The Fight for the Soul of American Capitalism

The Fight for the Soul of American Capitalism

One of the most remarkable issues that should be the center stage in the Republican race to the White House has slipped under the radar of much of the Occupy Movement, the nation and the news media; the issue of what defines capitalism. A few weeks ago during one of the Republican debates in Florida Newt Gingrich challenged Mitt Romney on the virtues of private equity firms and whether or not they add jobs to our economy.  This week before the primaries in Michigan, Rick Santorum attacked Romney for opposing the bailout for Detroit but supporting the one for Wall Street. So, who’s right and who’s wrong? And why should Americans care?

 

Capitalism is at a crucial stage in its evolution and politicians looking to define its future only need to look at its recent history to see how it has influenced our culture. Since the early days of Adam Smith capitalist economies have gone through 3 distinct stages of upward emergence: a pre-industrial society defined by rural/agricultural values, an industrial society defined by the values of the industrial revolution, and a post industrial society, which is more aptly known as the New Economy. Somewhere along the line in the last 30 years the promise of the new economy was sidetracked and calls to bring back the values of the old economy grew louder by the day.  This is a fight between what remains of the values of the industrial economy and the promise of the new economy if it’s able to evolve and redefine itself.

 

The ideas for this new economy gained traction in the 1970’s when it preached the values of the clean and white color work of a labor force composed mostly of the service industry, science, knowledge and technology. There will be no heavy lifting in this economy. Manufacturing was quickly becoming a thing of the past. The Reagan era ushered in its values by systemically deregulating every aspect of the industrial economy. Reagan went on to lay down the platform of this new expression of capitalism by curtailing the growing influence of labor unions when he famously fired 11,000 striking air traffic controllers. In doing so he sent a message to American corporations that the scales of fairness have tipped heavily in their favor. While all this was happening Economist Milton Freidman’s  Monetarist ideology that preached the virtues of “only money matters” was taking America by storm. Corporations loved it and with Alan Greenspan becoming the man in charge of money the shift to the new economy was complete. In the  years that followed the Clinton and Bush administrations brought Reagan’s reformist agenda to the banking industry, which gave impetus to financial engineering and placed Wall Street and the bankers squarely in charge of our economy. This was the sidetrack not the initial vision of the new economy and any definition of the future of capitalism must include this observation.

 

Although prosperity has grown much quicker under this expression of the new economy the unfair redistribution of wealth is very telling of its virtues.
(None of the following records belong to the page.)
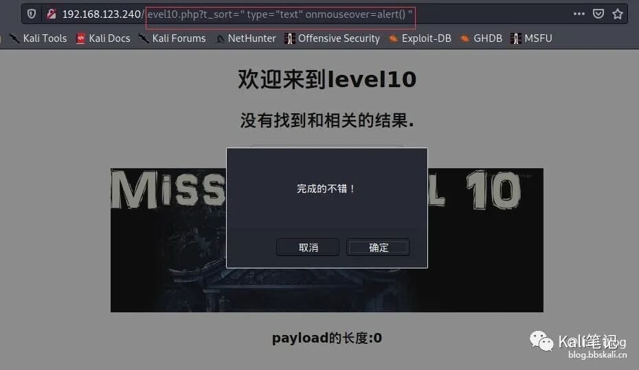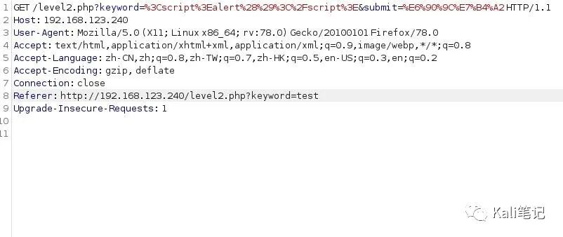 http://192.168.123.240/level1.php?name=%3Cscript%3Ealert('bbskali.cn')%3C/script%3E
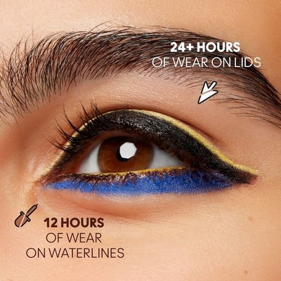 Unleash your inner graphic artist! Longwear technology meets silky-smooth, saturated pigment in a lineup of liners with a hi-def, technicolour edge. These waterproof, cyber-inspired colours boast 24+ hours of wear on lids and 12 hours of wear on waterlines. Line-Lock Technology promises lasting transfer-proof application – while Pigment Alchemy delivers smooth-glide, single-swipe potent payoff. Where will you draw the line?
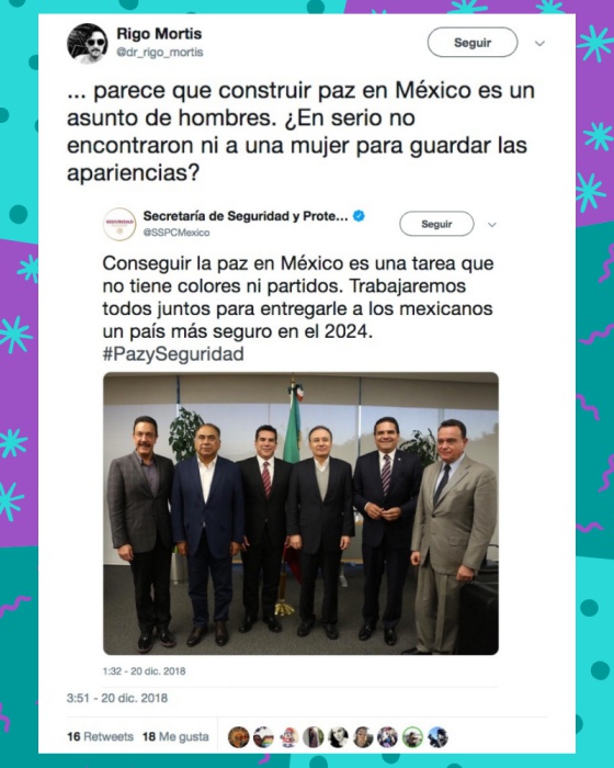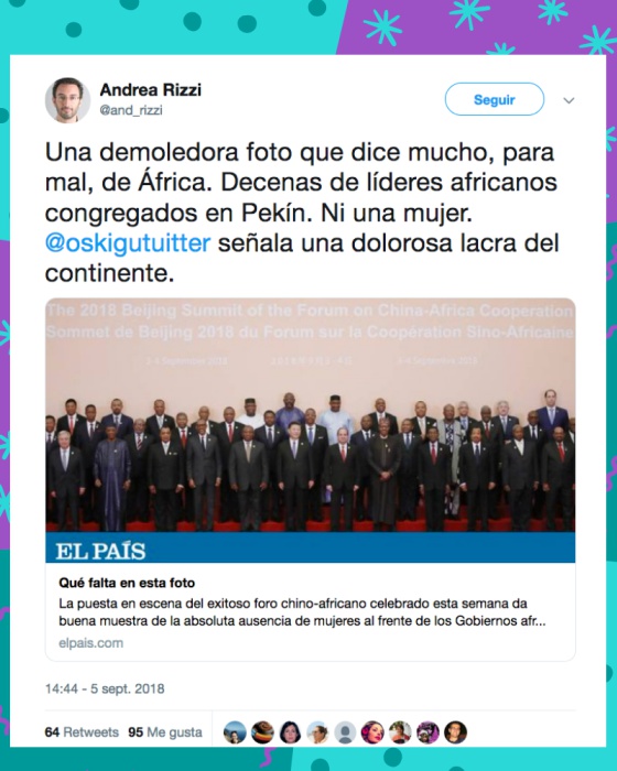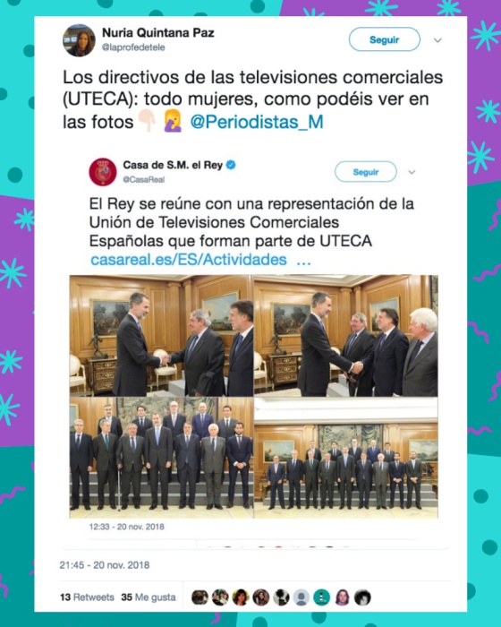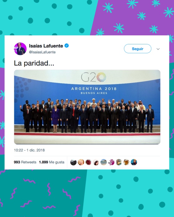 Era un paso importantísimo, pero muy lejos de la norma. Los grupos de señores encorbatados donde apenas aparecen tímidamente una o dos mujeres siguen siendo la imagen de las cumbres políticas y los consejos de administración. A partir de ese momento, empecé a guardar este tipo de imágenes, pensando en esta carta de fin de año. Twitter me ayudó mucho. Este 2018, las mujeres no hemos salido en estas fotos. Pero hemos protagonizado un precioso álbum: con pañuelos verdes para pedir la despenalización del aborto en Argentina. Con bufandas moradas, pancartas y megáfonos en las calles el 8 de marzo. Seguro que salís guapísimas al lado de vuestras compañeras de trabajo, amigas de toda la vida, madres, hijas, abuelas, hermanas y desconocidas.
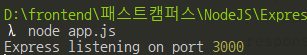 - js 파일에 내용을 넣어 저장 > cmder에서 해당 파일 node 실행 > 인터넷 localhost:3000
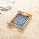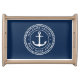Servlng tray featuring a white, elegant anchor and rope emblem with customizable text "welcome aboard" and your boat name on a dark blue background.
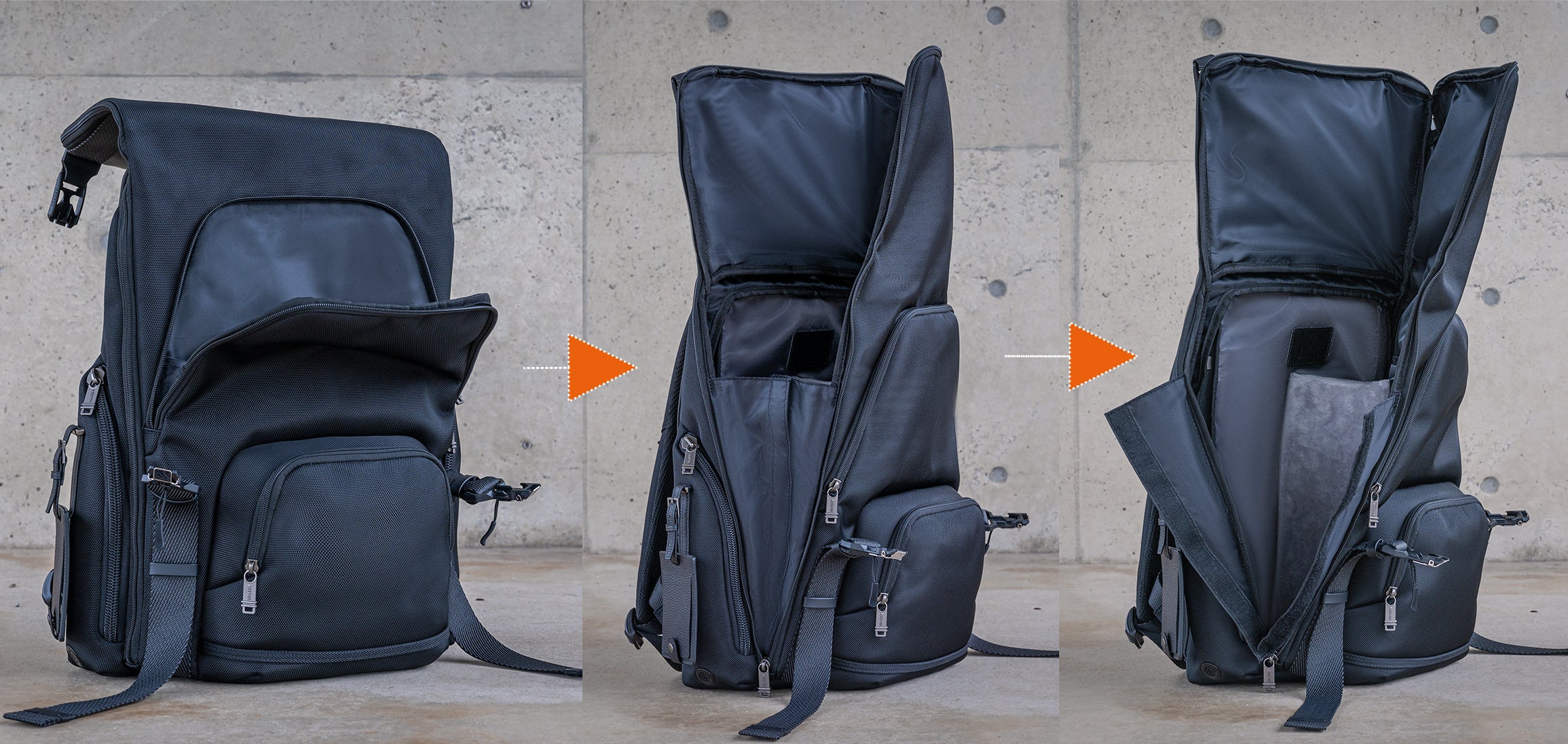 こうしたバックパックの課題に対して、「持ち運ぶ荷物の量と種類の多さによって収納サイズが変えられ、どこからでも取り出しやすいと同時に、撥水・高機能・耐久性に優れ、多くの場面に適応できるバックパックは作れないか?」という疑問から私達のバックパックの製作は開始されました。
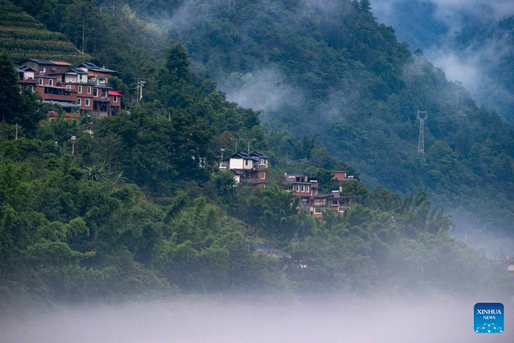 This photo taken on July 4, 2023 shows the scenery of the Nujiang River in Nujiang Lisu Autonomous Prefecture, southwest China's Yunnan Province. (Xinhua/Yang Zhisen)
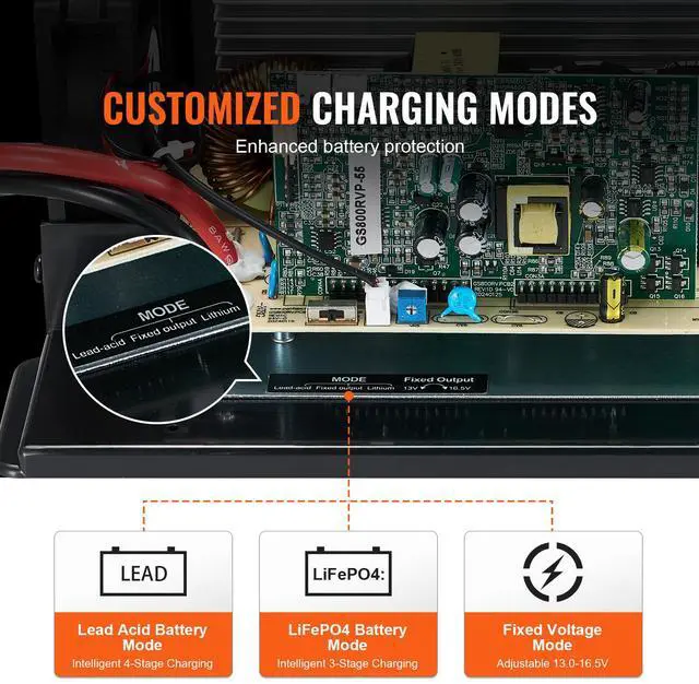 Item Model Number: GS800RVP-55,Input Voltage: 120V AC,Output Voltage: Lead Acid Battery: 12V-14.6V; Lithium Battery: 12V-14.6V; Fixed Voltage Output Mode: 13.0-16.5V,Max Output Current: 55A,Max Output Power: 798W
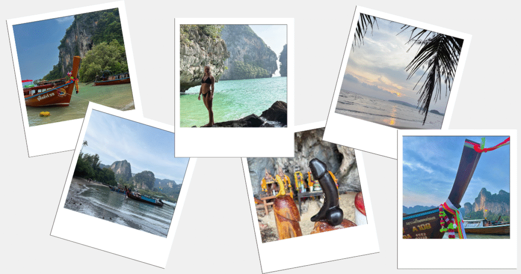 - Sur le chemin, nous avons vu des singes, traversé un chemin pédestre creusé dans la falaise et visité la Princess Cave : lieu culte pour les marins autour de la déesse protection Phra Nang et connu aujourd’hui pour ses offrandes en forme de phallus (qui symbolisent la fertilité, la chance, la prospérité, la naissance et descendance).
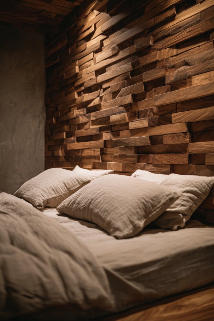 Imagine a wall clad in reclaimed wood planks, their natural grains and knots adding character. The warm hues of honey or deep espresso stretch across the space, catching the soft glow of bedside lighting. The texture creates depth, making the room feel like a cozy cabin in the woods. It’s like wrapping yourself in a warm hug every time you step into the room.
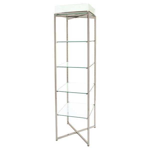 Glass Folding Tower, Silver, Chrome, Steel, Load Capacity 50 lb, Square, Number of Shelves 5, Overall Depth 18 in, Overall Height 68 in, Overall Width 18 in, Shelf Material Tempered Glass, Shelf Adjustment Increments 1 in, Adjustability Yes, Includes (4) Acrylic Sign Holders
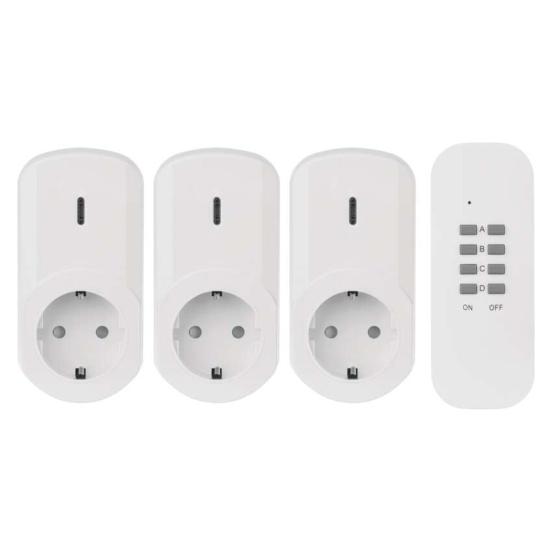 aljzatok száma: 1× 2P + PE|anyag: műanyag|biztonsági érintkezési helyzet: nincs megadva|értékesítési csomagolás: 1 db, doboz|feszültség/áram: 230 V~/4,35 A max.|gyerekzár: igen|jelátviteli frekvencia: 433,92 MHz|jel hatótávolsága: nyílt területen legfeljebb 25 m|kapcsoló: nem|könnyű betanítás: aljzatok kézi hozzárendelése a vezérlőhöz|kültéri használat: nem|max. terhelés: 1 000 W|pólusszám: 2P + PE|szín: fehér|távvezérlő: tápellátás 1× 3 V CR2032 (tartozék)|termék: távolról irányítható aljzatok, 3 aljzat + 1 távirányító|típus: SCHUKO|védettség: IP20|vezérelhető: akár 4 aljzat
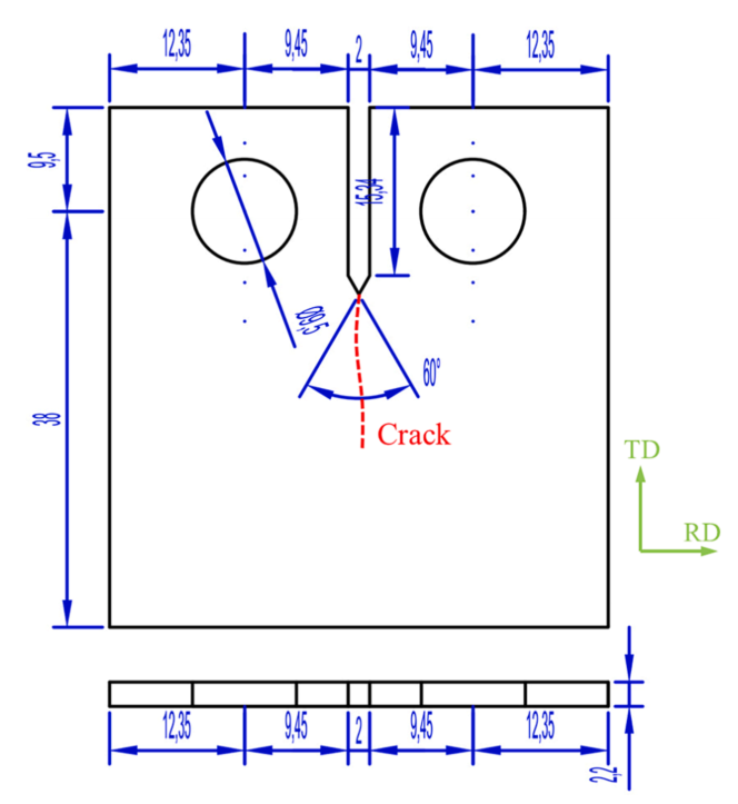 图:FCP的紧凑张力样品的形状(尺寸单位为mm)。

This economy favored the stockholder, which excluded much of the working class while the industrial economy catered to the wider stakeholder. CEO pay was roughly 32 times average worker pay in an industrial economy while under this economy it’s more than 330 times. A worker in manufacturing on average makes $18 an hour, while a service worker averages $9 an hour. Economic power under an industrial economy was distributed and diverse, under this economy it’s concentrated and follows the dictates of Wall Street.  Asset values and output under the industrial economy were known and measurable, under this economy they’re vague, notional, and rarely understood. This is the primary reason for how  our government was able to design an effective bailout package for Chrysler and GM. The average well informed, industrial-age business manger understood the challenges the auto industry faced, while very few individuals around the world understood the challenges Wall Street faced. Under this sidetracked economy, gambling with billions became legal and it was clothed in sophisticated algorithms formulated by geniuses in suits whose practices culminated in the financial crisis of 2008. Wall Street was upset at Detroit’s bailout because it lost the bet that would have allowed it to collect 100 cents on the dollar through an insurance policy called a credit default swap if Chrysler and GM were to fail.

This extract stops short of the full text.